Using the Zoom option will increase the image size, which also can make it easier to visualize the fetal heart.  In addition, most of the Zoom also has a feature which allows the size of the area, or box, to be increased/decreased.  Another key to using a zoom option is to be certain the item of interest is directly in the center of the box.

When viewing the small fetal heart, another gain adjustment making the image brighter aids in recognizing the wave form during Motion-mode (M-mode). This gain is sometimes located by turning the M-mode dial.  The brighter the image, the more likely the wave form is visualized.
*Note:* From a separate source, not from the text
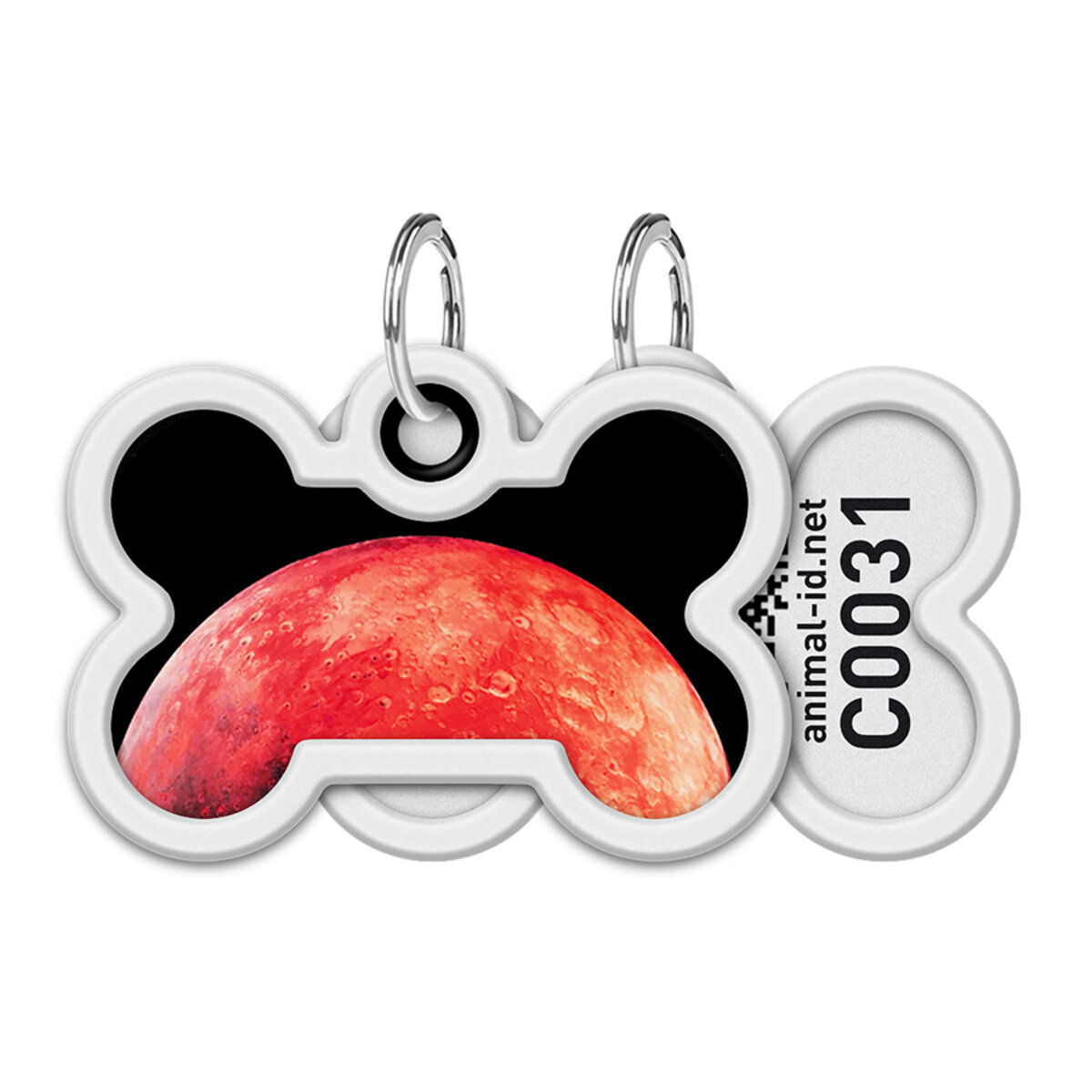 Адресник для собак і котів металевий WAUDOG Smart ID з QR паспортом, малюнок “Марс”, кістка, Д 40 мм, Ш 28 мм

Also, the wave form will be in direct relationship to the location of the heart in the 2 Dimensional (2 D) image.  For example, if the heart is in the center, the q, r, s, etc. waves will be in the center of the strip.  If the heart is at the bottom of the image, the wave form will be at the bottom of the strip.

Oftentimes, maternal respirations interfere with achieving a well demonstrated strip.  To overcome this, ask the patient/client to suspend breathing or hold her breath.  Be aware, if she takes in a deep breath, the fetal heart may move out of the image, and you will need to make the necessary adjustments.

All of these discussed options to improve ultrasound images pertain to both Transabdominal and Transvaginal imaging. However, it is reasonable to anticipate that Transvaginal images will be larger and therefore improve the ability to obtain a fetal heart rate.

Using these tips should increase the skill set and confidence for the nurse sonographer and show this little miracle to his or her maximum potential.  The tips prior to the “M-mode” can be used for general imaging as well.